Importing the necessary libraries and loading the dataset:

In [None]:
import pandas as pd
import seaborn as sns
from sklearn.pipeline import Pipeline
from sklearn.preprocessing import StandardScaler, OneHotEncoder
from sklearn.impute import SimpleImputer
from sklearn.compose import ColumnTransformer
from sklearn.model_selection import train_test_split
from sklearn.linear_model import LogisticRegression
from yellowbrick.classifier import ConfusionMatrix

penguins = sns.load_dataset('penguins')


Here , we'll split the dataset into training and testing sets:

In [None]:
X_train, X_test, y_train, y_test = train_test_split(penguins.drop('species', axis=1), penguins['species'], test_size=0.2, random_state=42)

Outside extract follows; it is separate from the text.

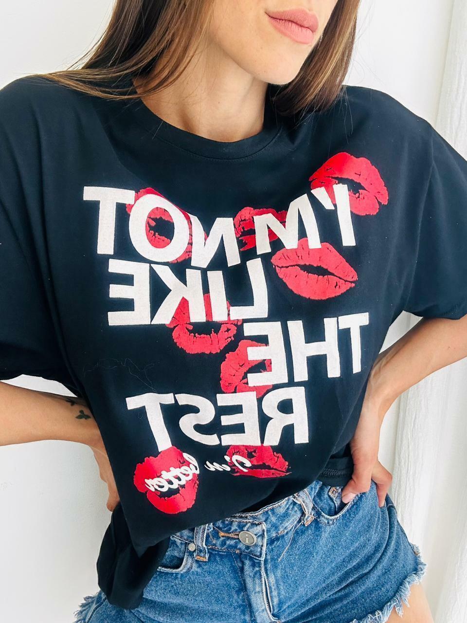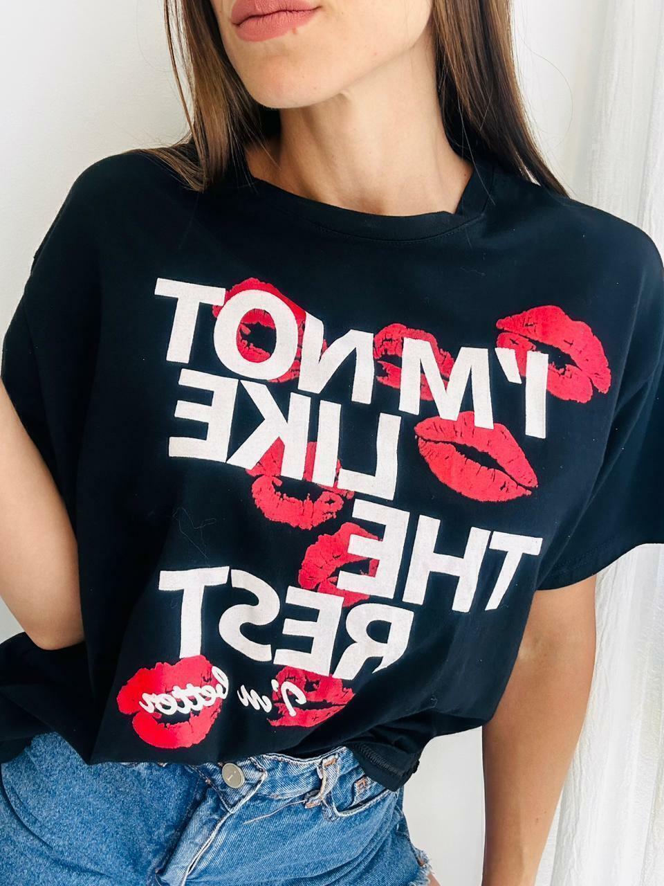 La Remera Sofi, confeccionada en jersey, es la combinación perfecta de comodidad y estilo. Su diseño con estampa de frases y besos le aporta un toque moderno y divertido, ideal para quienes buscan una prenda con personalidad. Disponible en color blanco y negro, es un básico versátil que se adapta a cualquier look.
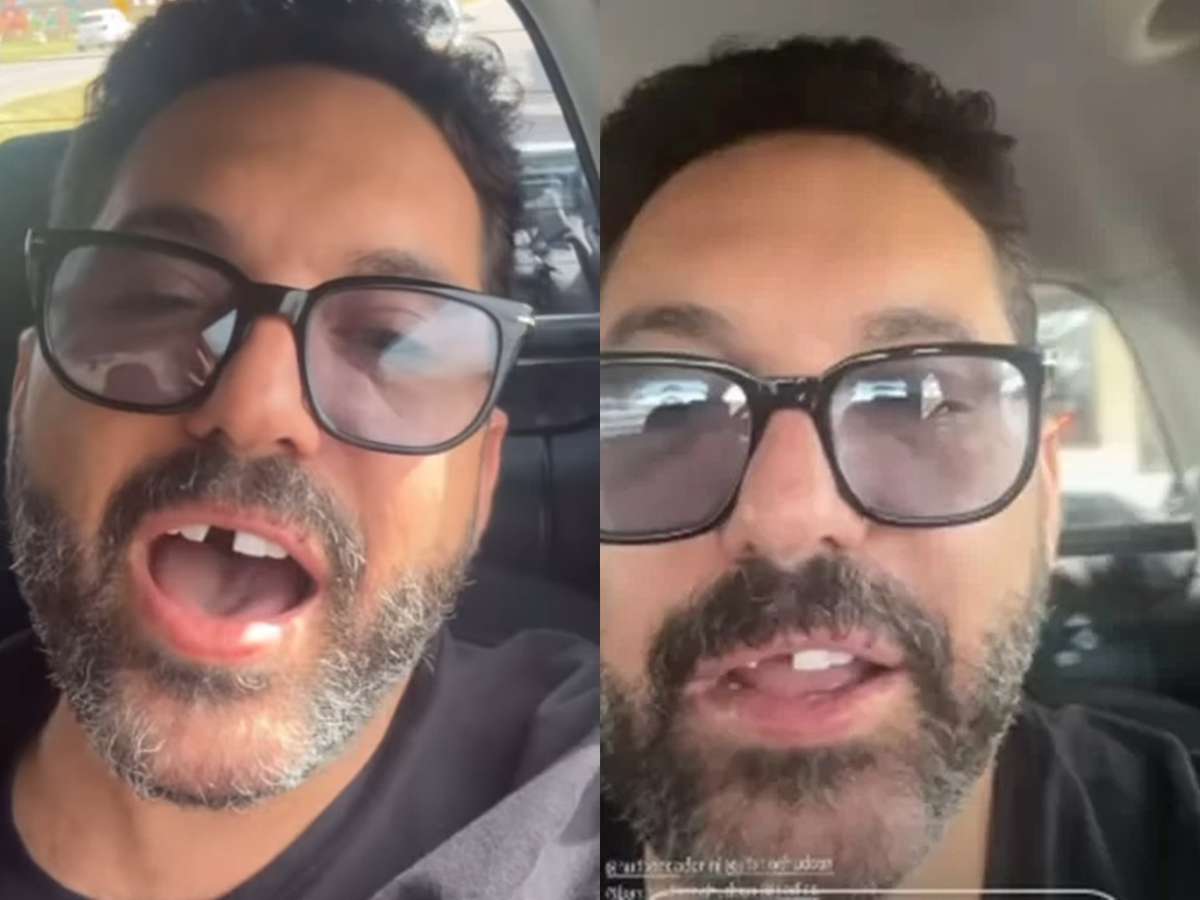 Em um vídeo publicado em seu Instagram, o cantor apareceu rindo ao mostrar o desastre. "Oi, gente. Aconteceu uma coisa muito triste comigo. Vou ter que revelar. Fui morder um pedaço de frango e aconteceu isso. Que gracinha", debochou.

Now let's define the preprocessing steps for our pipeline. We'll use a ColumnTransformer to apply different transformations to different columns of the dataset:
The numeric_transformer applies a median imputation to missing values, followed by standard scaling of the numeric features. The preprocessor applies this transformation to the numeric columns and leaves the categorical columns unchanged.
The categorical_transformer first imputes the missing values with the most frequent value and then applies one-hot encoding to encode categorical variables. Meanwhile also added the ColumnTransformer to apply categorical_transformer to the 'sex' and 'island' columns.

In [None]:
numeric_transformer = Pipeline(steps=[
    ('imputer', SimpleImputer(strategy='median')),
    ('scaler', StandardScaler())])

categorical_transformer = Pipeline(steps=[
    ('imputer', SimpleImputer(strategy='most_frequent')),
    ('onehot', OneHotEncoder(handle_unknown='ignore'))])

preprocessor = ColumnTransformer(
    transformers=[
        ('num', numeric_transformer, ['bill_length_mm', 'bill_depth_mm', 'flipper_length_mm', 'body_mass_g']),
        ('cat', categorical_transformer, ['sex', 'island'])
    ])


Let's define the logistic regression model that we want to fit to the data:

In [None]:
clf = Pipeline(steps=[
    ('preprocessor', preprocessor),
    ('classifier', LogisticRegression(max_iter=1000))])


Now let's fit the model and visualize the results using the ConfusionMatrix from Yellowbrick:

In [None]:
clf.fit(X_train, y_train)
y_pred = clf.predict(X_test)

cm = ConfusionMatrix(clf, classes=['Adelie', 'Chinstrap', 'Gentoo'])
cm.score(X_test, y_test)

cm.show()